Генрих щелкнул пальцами, и перед ним снова выросла блондинка из белой точки.
Соколов помотал головой еще раз. Устойчивая галлюцинация? Обман зрения?
— Мой доблестный друг! — завела блондинка. — Этот небесный корабль прилетел из другого мира. На самом деле твой мир не плавает на трех китах и не стоит на трех слонах…
— Стоп! — резко скомандовал Генрих. — Отменить культурную адаптацию.
Блондинка без запинки продолжила:
— Уважаемый гость! Этот космический корабль прибыл на орбиту вашей планеты со звезды, входящей в видимое вами созвездие Кассиопеи. Наша миссия — наблюдать за театрами военных действий на примитивных планетах и собирать умирающих разумных особей, которые имеют значительный творческий потенциал. Тем самым мы продлеваем срок их жизни без ущерба для локальных цивилизаций.
— Достаточно. Коля… Ты что-нибудь понял?
— Это какая-то проверка? Или гипноз?
Генрих вздохнул. Потер крючковатый нос. Потом скомандовал:
— Иллюминатор.
Стена напротив начала бесшумно сдвигаться вправо, открывая черное звездное небо. Таких ярких звезд Соколов еще не видел. Не успел он перевести дух, как показался край чего-то огромного и круглого. Похожего на… глобус, обложенный белой ватой.

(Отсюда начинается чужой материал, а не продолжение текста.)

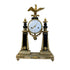 Gran reloj Imperio decorado con el águila imperial romana y con escudo de armas de batallón Francés. Acompañado de dos columnas romanas con hojas de acanto y llamas apoyado sobre una base de mármol blanco con 4 patas de bronce Ormolú.

— Узнаешь? — спросил Генрих.
Соколов вскочил, сделал несколько шагов к иллюминатору, всмотрелся внимательнее. Да! Вот «пистолет» Африки. Завихрения облаков над Тихим океаном. Кусок Индокитая с Гималаями. Евразия.
— Юный мир. — Генрих подошел к нему, встал рядом. — Задорный, как Гармонист. Смекалистый, как ты. Мы всего этого лишены. Да, теперь мы живем в десять раз дольше. Развитая медицина, силовые щиты, оружие… Но за все на свете надо платить. Вместе с хрупкостью жизни мы потеряли способность принимать решения интуитивно. Мы забыли, что такое скачки творческой мысли, что такое озарение. Коля, нам нужны такие, как ты.
Соколов ничего не отвечал. Он нашел Союз. Где-то здесь Москва, здесь — Минск. И Западный фронт, и Северо-Западный, и другие… Война. Горят города и села, гибнут тысячи людей — а из космоса всего этого не видно. Совсем.
Соколов повернулся к Генриху и процедил сквозь зубы:
— Я знаю, кто вы.
Генрих вопросительно посмотрел на него.
— Вы стервятники. Вы жиреете на чужом горе. На нашей смерти!